Well, I thought I'd share some analysis of this issue as we search for the best response to it.

Let's start with the underlying assumption that's rarely laid out anywhere. The secrets used by serious systems are generated using high-quality cryptographic algorithms that generate some sort of encoded or hashed output. The better the algorithm is, the more the output looks like random garbage. Because humans don't deal well with strings of random bytes, common practice is to encode the raw data as printable text. There are lots of ways to do this, but a couple of the most common are hexadecimal representation (two characters per byte) and base64 (more efficient, using four characters to represent three bytes).

Instead of laboriously checking the entire content of a file for entropy, truffleHog and tartufo checked entropy only for strings that were hexadecimal or "probably" base64 encodings. (This could include strings that weren't actually legal encodings but still used only the base64 alphabet.) This is much more efficient, but ignores anything that doesn't happen to be using one of those two encoding methods.

177 requested support for base64url encoding, a variant that uses `-` and `_` instead of `+` and `/` and which is easier to deal with in contexts (like URLs) where the original base64 alphabet is problematic. Our problem is foreshadowed by the RFC section title: "Base 64 Encoding with URL and Filename Safe Alphabet".

The approach incorporated in 3.0.0 was to relax the base64 scanner slightly so it would recognize both base64 and base64url (as well as things that were illegal combinations of both) using a single regular expression. This satisfied #177 -- base64url encodings would be detected and entropy-checked -- and had negligible performance impact because we did not materially alter the algorithm for scanning input strings. It also didn't turn up any problems in our initial testing.

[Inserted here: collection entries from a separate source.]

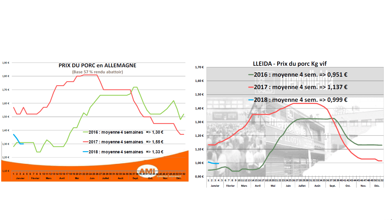 Comparés aux 4 premières semaines de l’année 2017, les cours allemands et espagnols sont en repli de 14 % et 12 % respectivement. Les niveaux de prix sont assez proches de ceux de janvier 2016, les poids en 2018 dans ces 2 pays sont toutefois plus élevés qu’en 2016. D’une manière générale, les grands pays producteurs de porcs en Europe voient leurs poids moyens atteindre des niveaux jamais atteints. En 2016 et 2017, la cotation espagnole se distinguait en début d’année par un décrochage par rapport à ses concurrentes française et allemande.
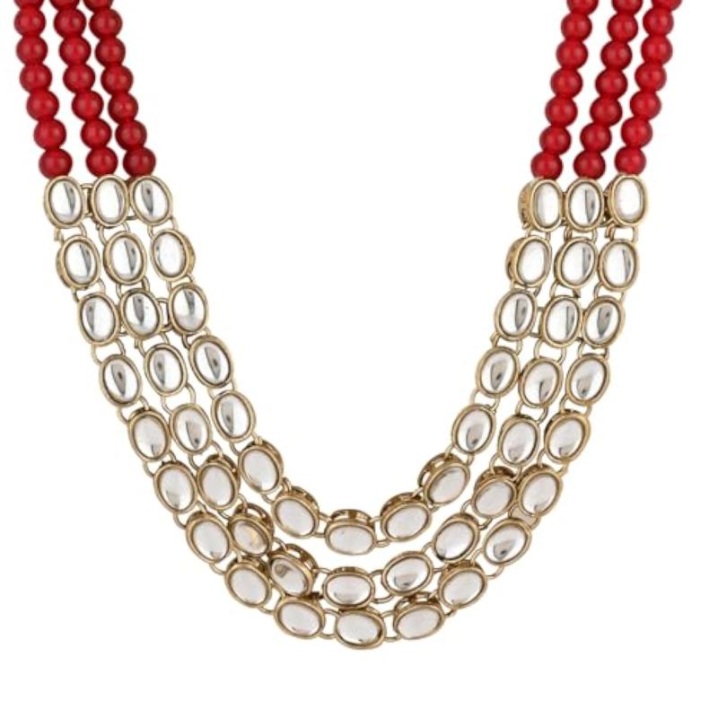 This layered Dulha Moti Mala features intricate beadwork and a Maharaja Haar design. It adds a touch of elegance to the groom's outfit.
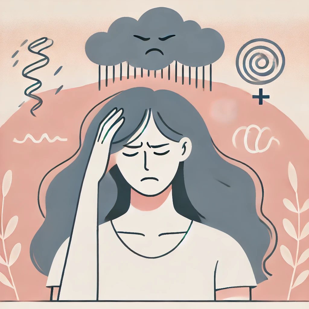 DALL·E 2024-08-24 11.37.40 – A simple, clean, and flat-style illustration showing a woman experiencing the effects of hormonal changes on mood. The image should have a background - 倉敷市藤戸町の完全予約制整骨院〝天城整骨院〟です。
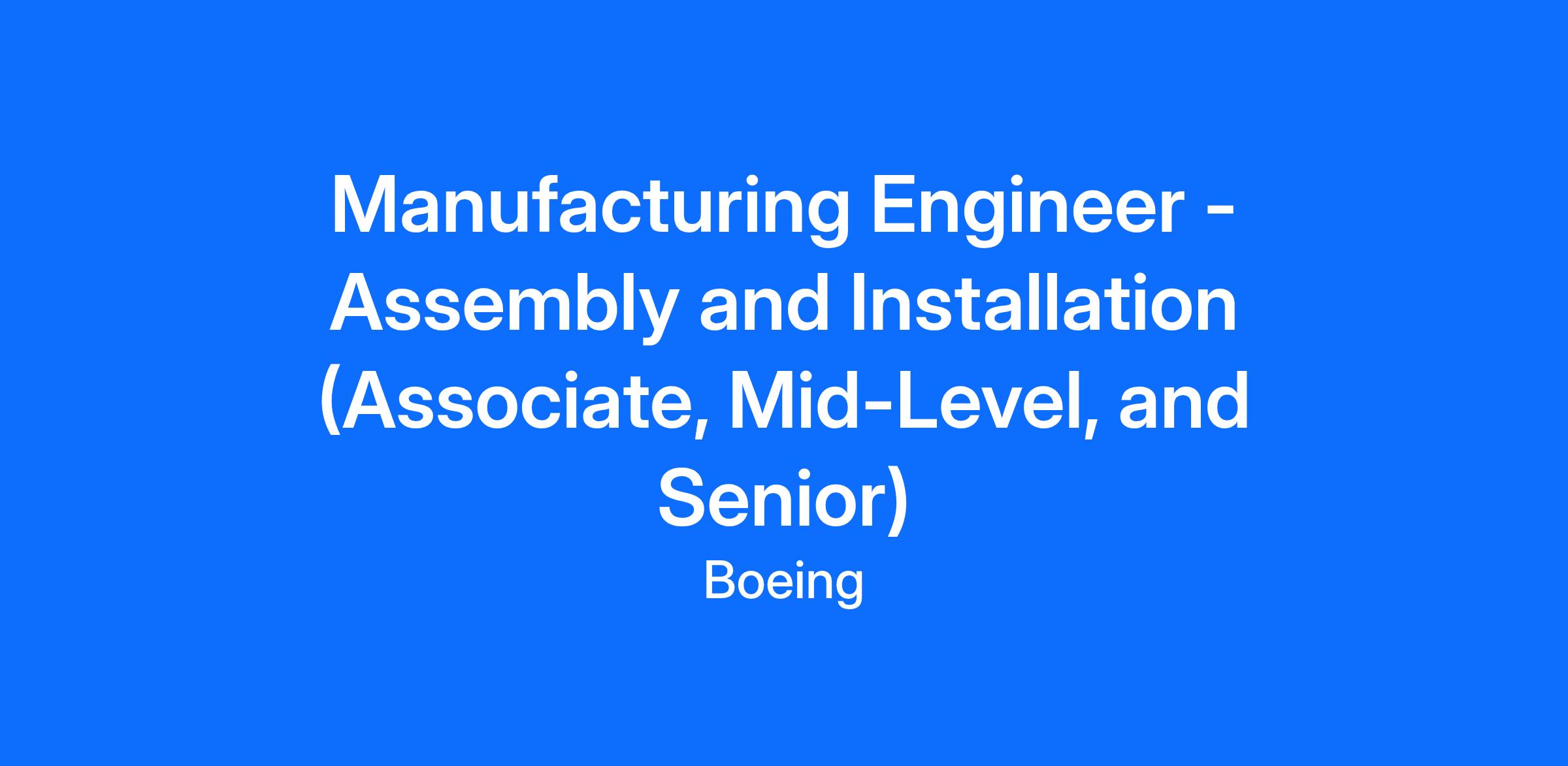 Manufacturing Engineer - Assembly and Installation (Associate, Mid-Level, and Senior)
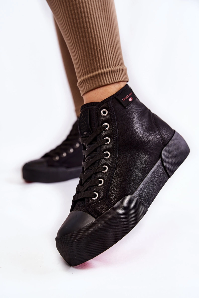 Damskie Wysokie Trampki Cross Jeans KK2R4055C Czarne
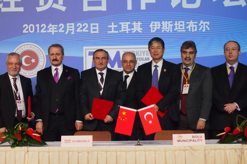 中材集團董事長譚仲明率團與來自中土兩國的企業家和各界人士500多人出席論壇。期間,譚仲明與BOLU市長Alaaddin Yilmaz分別代表中材集團及土耳其BOLU市政府簽署了合作框架協議。中國商務部國際貿易談判代表兼副部長高虎城及土耳其經濟部長恰拉揚等見證了簽約。

The gotcha, as has been quickly revealed following 3.0.0's release, is that it is extremely common for long file and path names (among other things) to contain - or _ characters in them. Previously these names would have been split at each hyphen or underscore (because these are not part of the base64 encoding alphabet) and the individual name fragments would either be too short or have too little entropy to generate an issue. Now, much longer strings are evaluated and they often have entropy just high enough to trigger an alarm.

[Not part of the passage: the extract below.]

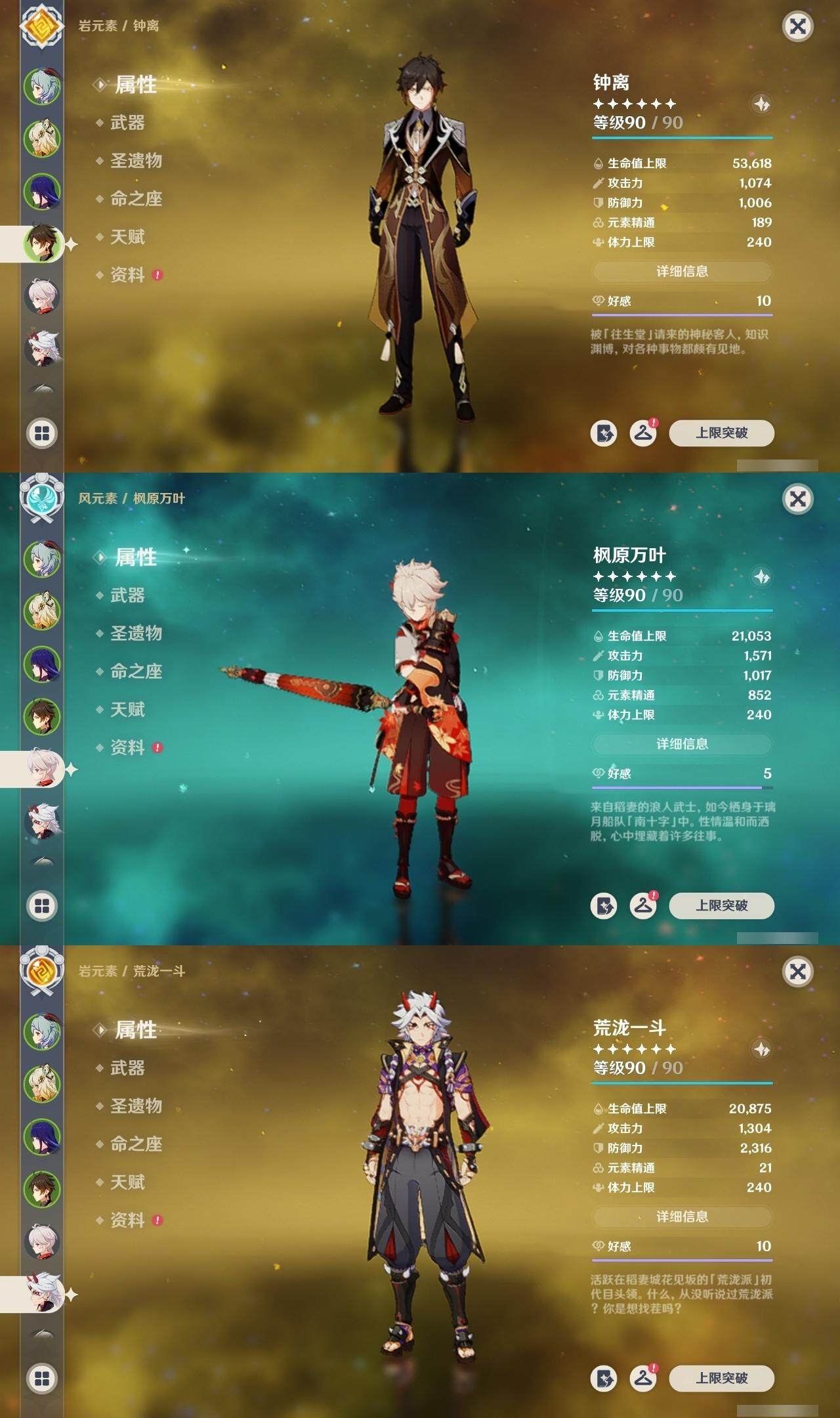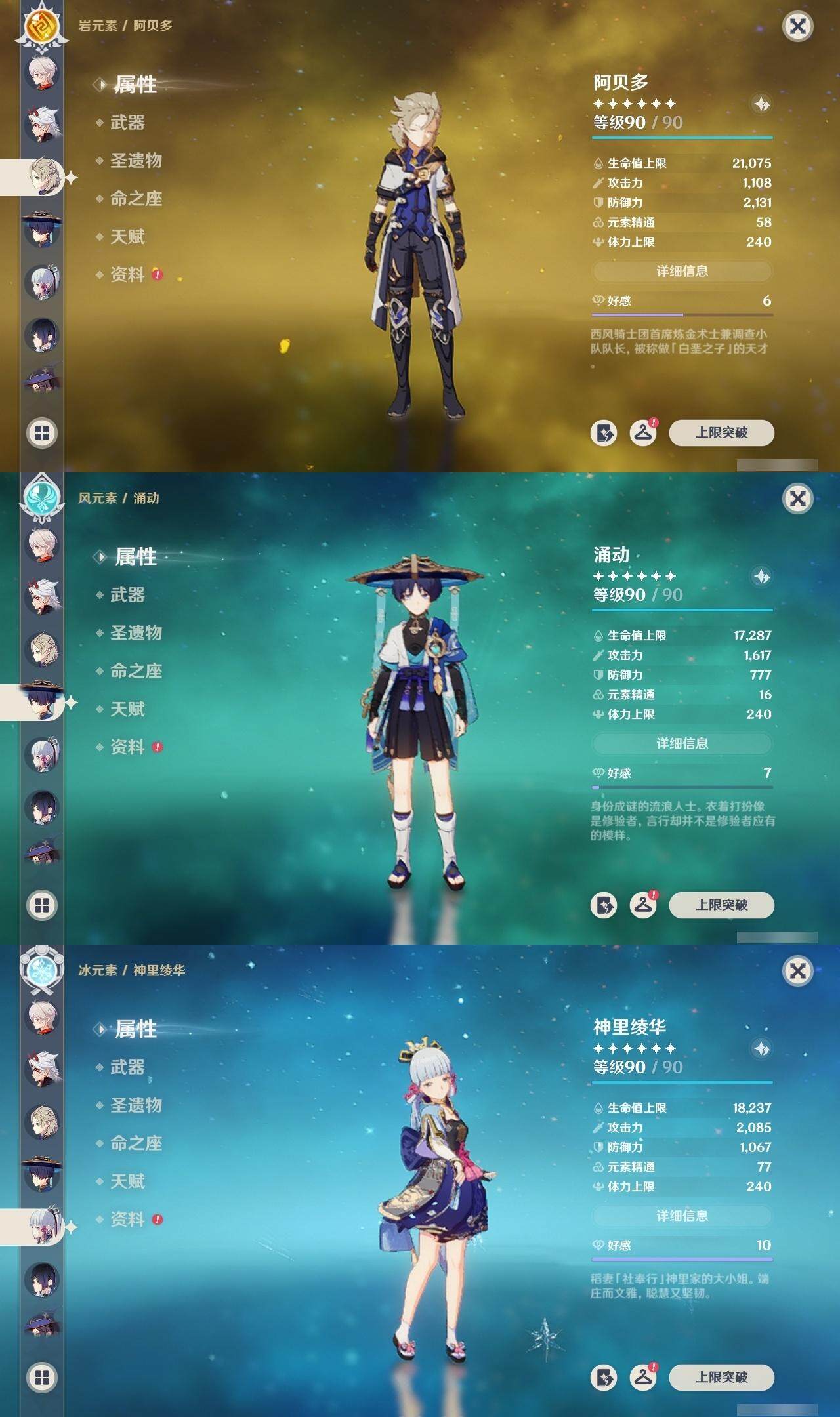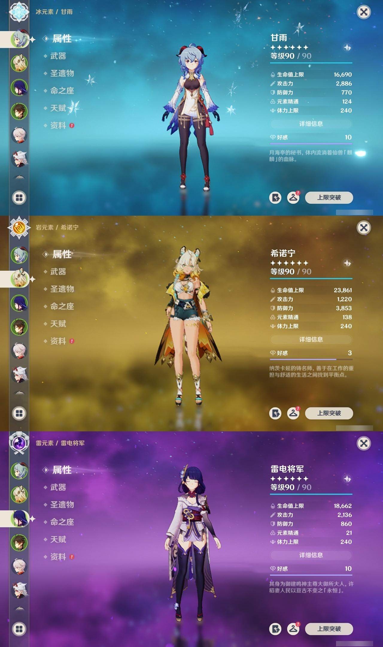 甘雨,雷电将军,钟离,枫原万叶,荒泷一斗,阿贝多,神里凌华,莫娜,胡桃,迪卢克,温迪,琴,刻晴

The question is, "what do we do about it?" Obviously we'd like tartufo to magically ignore all of the "obviously nonrandom" strings while correctly reporting all of the actually random strings (and do it as fast or faster than before). It is not clear this is possible. I wanted to outline the approaches we have considered and why all of them suck.

First off, there is the issue of "obviously nonrandom". Humans are pretty good at looking at something like b/Standards-Best-Practices/Speed-of-Delivery/TEMPLATE and saying "oh, that's a filename". However, by the measure tartufo uses -- basically Shannon entropy -- there are enough different characters used in this string that the information content ("entropy") is suspiciously high and tartufo generates an issue.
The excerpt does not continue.